A CNN-based vortex identification method

  • Liang DengEmail author
  • Yueqing Wang
  • Yang Liu
  • Fang Wang
  • Sikun Li
  • Jie Liu
Regular Paper
  • 94 Downloads

Abstract

Vortex identification and visualization are important for understanding the underlying physical mechanism of the flow field and have been intensively studied recently. Local vortex identification methods could provide results in a rapid way, but they require the choice of a suitable criterion and threshold, which leads to poor robustness. Global vortex identification methods could obtain reliable results, while they require considerable user input and are computationally intractable for large-scale data sets. To address the problems described above, we present a novel vortex identification method based on the convolutional neural network (CNN). The proposed method integrates the advantages of both the local and global vortex identification methods to achieve higher precision and recall efficiently. In specific, the proposed method firstly obtains the labels of all grid points using a global and objective vortex identification method and then samples local patches around each point in the velocity field as the inputs of CNN. After that it trains the CNN to decide whether the central points of these patches belong to vortices.
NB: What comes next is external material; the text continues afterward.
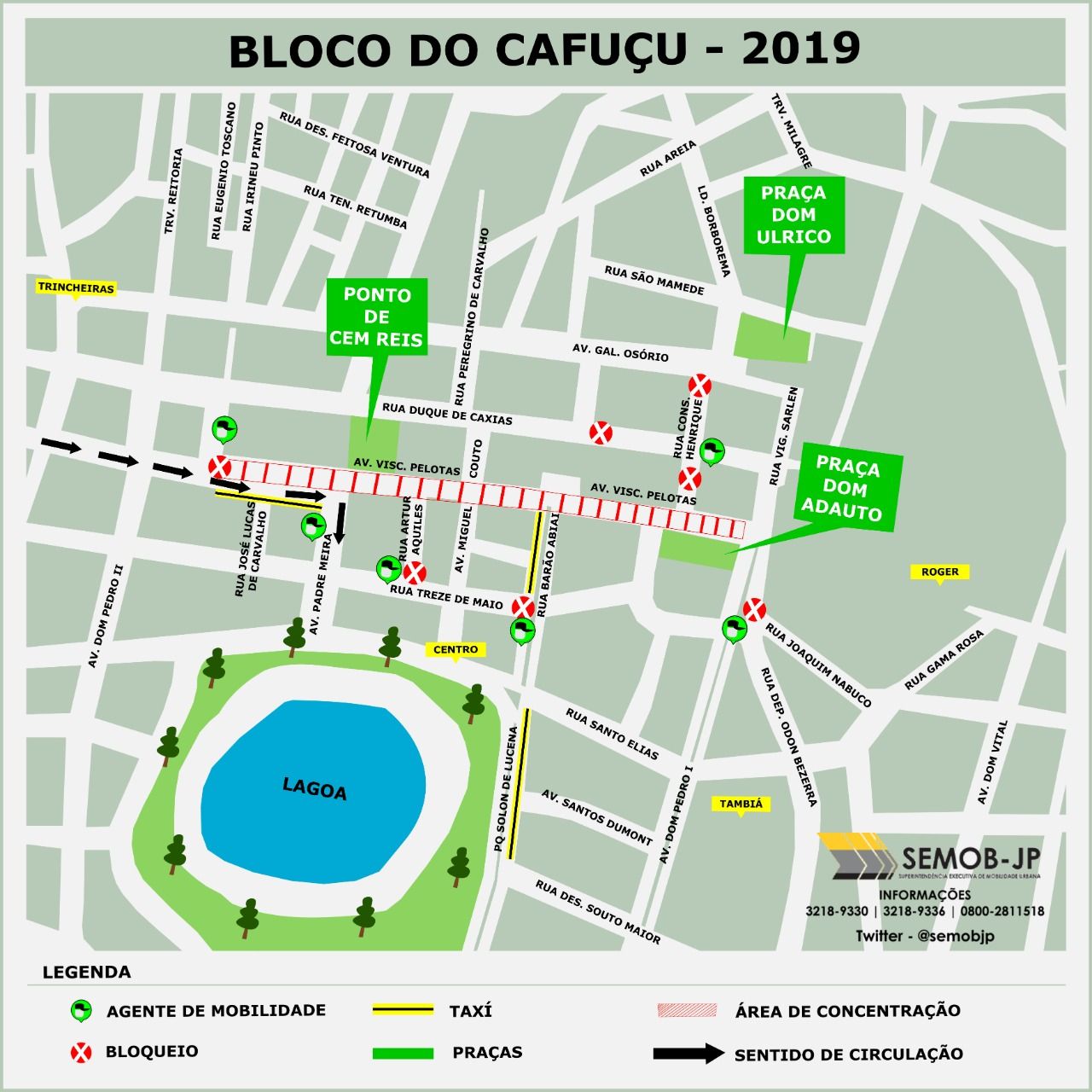 A Superintendência Executiva de Mobilidade Urbana (Semob-JP) vai modificar o trânsito no Centro e reforçar o transporte coletivo para o desfile do bloco Cafuçu nesta sexta-feira (1º). O objetivo é garantir a fluidez do trânsito e a segurança dos pedestres durante a organização do evento e passagem dos foliões.
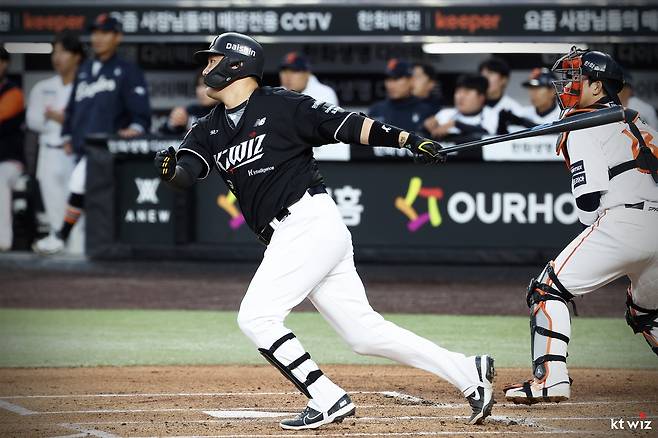 이에 맞선 KT는 최원준(중견수)~김현수(지명타자)~안현민(우익수)~샘 힐리어드(좌익수)~장성우(포수)~오윤석(1루수)~류현인(3루수)~김상수(2루수)~이강민(유격수)으로 이어지는 선발 타순을 구성해 한화 선발 투수 문동주와 상대했다.

By this way, our method converts the vortex identification task to a binary classification problem, which could detect vortices quickly from the flow field in an objective and robust way. Extensive experimental results demonstrate the efficacy of our proposed method, and we expect this method can replace or supplement existing traditional methods.

Graphical abstract

Keywords

Vortex identification CNN Unsteady flow field 

Notes

Acknowledgements

This work was supported in part by the National Key Research and Development Program of China (# 2016YFB0200701) and the National Natural Science Foundation of China (# 61806205, # 91530324 and # 91430218).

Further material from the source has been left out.